# Instructions to follow
For the data below, tally how many lines contain "book" and answer only with that tally.

#### Listed entries

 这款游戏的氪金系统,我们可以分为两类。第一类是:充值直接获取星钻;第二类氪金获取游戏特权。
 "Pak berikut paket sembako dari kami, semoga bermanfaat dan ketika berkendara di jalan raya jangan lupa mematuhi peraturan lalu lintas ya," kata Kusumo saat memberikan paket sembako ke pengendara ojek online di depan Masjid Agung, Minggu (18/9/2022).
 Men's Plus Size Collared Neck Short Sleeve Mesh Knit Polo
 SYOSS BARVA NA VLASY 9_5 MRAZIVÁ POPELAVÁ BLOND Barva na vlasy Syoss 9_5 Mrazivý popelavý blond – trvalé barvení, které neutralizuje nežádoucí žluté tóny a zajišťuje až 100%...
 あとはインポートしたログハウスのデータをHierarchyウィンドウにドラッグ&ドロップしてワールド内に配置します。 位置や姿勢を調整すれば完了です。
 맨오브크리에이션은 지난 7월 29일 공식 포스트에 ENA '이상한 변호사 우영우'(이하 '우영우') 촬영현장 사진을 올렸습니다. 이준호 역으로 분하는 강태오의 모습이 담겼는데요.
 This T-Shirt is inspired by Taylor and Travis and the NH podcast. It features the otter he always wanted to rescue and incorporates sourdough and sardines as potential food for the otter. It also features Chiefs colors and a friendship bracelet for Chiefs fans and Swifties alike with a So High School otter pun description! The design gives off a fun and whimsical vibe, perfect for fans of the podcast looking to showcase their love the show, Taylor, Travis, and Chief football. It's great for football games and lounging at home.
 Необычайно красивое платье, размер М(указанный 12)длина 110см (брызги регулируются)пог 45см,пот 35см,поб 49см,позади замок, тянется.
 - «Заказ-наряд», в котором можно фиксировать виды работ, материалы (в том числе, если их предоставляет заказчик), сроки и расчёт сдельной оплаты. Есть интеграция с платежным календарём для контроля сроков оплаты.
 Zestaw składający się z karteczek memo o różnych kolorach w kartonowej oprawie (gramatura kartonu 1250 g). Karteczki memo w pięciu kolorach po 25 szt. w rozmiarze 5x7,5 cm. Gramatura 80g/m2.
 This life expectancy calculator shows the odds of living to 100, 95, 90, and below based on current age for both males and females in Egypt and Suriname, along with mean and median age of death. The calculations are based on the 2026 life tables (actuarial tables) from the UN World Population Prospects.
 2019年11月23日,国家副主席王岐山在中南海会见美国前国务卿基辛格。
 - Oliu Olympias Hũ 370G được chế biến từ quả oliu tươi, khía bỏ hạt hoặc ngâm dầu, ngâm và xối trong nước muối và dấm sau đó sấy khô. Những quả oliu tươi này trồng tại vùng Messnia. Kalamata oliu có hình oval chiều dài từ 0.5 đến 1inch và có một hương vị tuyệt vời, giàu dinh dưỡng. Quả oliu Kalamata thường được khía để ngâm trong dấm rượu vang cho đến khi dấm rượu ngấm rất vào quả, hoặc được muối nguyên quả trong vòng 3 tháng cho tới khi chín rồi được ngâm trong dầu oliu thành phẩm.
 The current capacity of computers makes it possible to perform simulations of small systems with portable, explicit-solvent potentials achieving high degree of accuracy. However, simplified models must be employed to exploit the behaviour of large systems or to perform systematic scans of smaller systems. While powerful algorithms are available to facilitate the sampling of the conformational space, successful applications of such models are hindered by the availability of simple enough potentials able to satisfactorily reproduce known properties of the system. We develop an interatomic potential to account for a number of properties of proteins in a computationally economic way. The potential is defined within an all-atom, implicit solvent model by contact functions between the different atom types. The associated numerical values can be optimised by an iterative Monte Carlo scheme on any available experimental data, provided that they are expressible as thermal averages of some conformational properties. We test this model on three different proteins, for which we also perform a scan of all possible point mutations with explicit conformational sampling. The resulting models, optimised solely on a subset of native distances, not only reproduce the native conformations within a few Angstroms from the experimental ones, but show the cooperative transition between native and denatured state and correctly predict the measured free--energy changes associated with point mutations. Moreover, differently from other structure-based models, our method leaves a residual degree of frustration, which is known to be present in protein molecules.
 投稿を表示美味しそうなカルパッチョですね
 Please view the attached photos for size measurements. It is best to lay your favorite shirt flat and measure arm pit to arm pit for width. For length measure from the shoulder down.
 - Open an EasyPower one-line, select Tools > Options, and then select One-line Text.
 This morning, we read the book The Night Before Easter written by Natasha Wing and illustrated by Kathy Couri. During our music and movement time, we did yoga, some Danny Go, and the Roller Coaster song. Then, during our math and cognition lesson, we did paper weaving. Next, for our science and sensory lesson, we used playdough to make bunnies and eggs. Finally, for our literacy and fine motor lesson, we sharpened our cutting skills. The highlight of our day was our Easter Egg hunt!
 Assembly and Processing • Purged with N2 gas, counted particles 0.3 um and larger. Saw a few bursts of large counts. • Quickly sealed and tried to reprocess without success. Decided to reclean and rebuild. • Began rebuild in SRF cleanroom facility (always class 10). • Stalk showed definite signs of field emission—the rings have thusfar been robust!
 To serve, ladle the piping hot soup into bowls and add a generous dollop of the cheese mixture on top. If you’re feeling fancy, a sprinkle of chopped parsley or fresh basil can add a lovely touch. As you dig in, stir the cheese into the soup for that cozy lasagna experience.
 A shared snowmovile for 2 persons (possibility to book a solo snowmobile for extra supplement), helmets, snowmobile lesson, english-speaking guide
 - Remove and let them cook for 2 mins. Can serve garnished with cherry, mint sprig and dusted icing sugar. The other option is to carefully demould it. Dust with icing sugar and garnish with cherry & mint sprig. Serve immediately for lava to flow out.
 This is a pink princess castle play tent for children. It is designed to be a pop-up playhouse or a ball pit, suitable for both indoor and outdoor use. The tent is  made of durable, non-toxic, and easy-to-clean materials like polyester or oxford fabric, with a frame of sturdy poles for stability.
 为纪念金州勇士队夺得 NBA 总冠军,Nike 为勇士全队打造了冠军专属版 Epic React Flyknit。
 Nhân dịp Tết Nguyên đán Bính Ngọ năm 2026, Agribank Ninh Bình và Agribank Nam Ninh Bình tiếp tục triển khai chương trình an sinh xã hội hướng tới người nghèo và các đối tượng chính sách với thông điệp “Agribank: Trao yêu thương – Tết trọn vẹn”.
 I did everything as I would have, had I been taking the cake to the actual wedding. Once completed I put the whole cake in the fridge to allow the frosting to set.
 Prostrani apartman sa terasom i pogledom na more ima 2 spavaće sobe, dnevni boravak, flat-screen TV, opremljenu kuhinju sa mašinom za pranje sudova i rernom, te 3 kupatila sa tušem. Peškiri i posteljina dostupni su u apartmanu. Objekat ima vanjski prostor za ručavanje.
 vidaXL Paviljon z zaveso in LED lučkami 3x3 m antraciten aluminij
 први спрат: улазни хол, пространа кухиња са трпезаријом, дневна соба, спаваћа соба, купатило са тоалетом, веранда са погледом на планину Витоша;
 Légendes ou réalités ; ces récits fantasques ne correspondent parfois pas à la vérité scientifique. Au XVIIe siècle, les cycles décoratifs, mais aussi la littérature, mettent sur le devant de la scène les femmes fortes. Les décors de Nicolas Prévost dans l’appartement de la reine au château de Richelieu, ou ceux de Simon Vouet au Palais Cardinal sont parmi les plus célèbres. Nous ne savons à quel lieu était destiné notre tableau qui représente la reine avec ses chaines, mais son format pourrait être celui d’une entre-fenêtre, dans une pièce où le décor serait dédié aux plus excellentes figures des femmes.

########

# Exercise output
2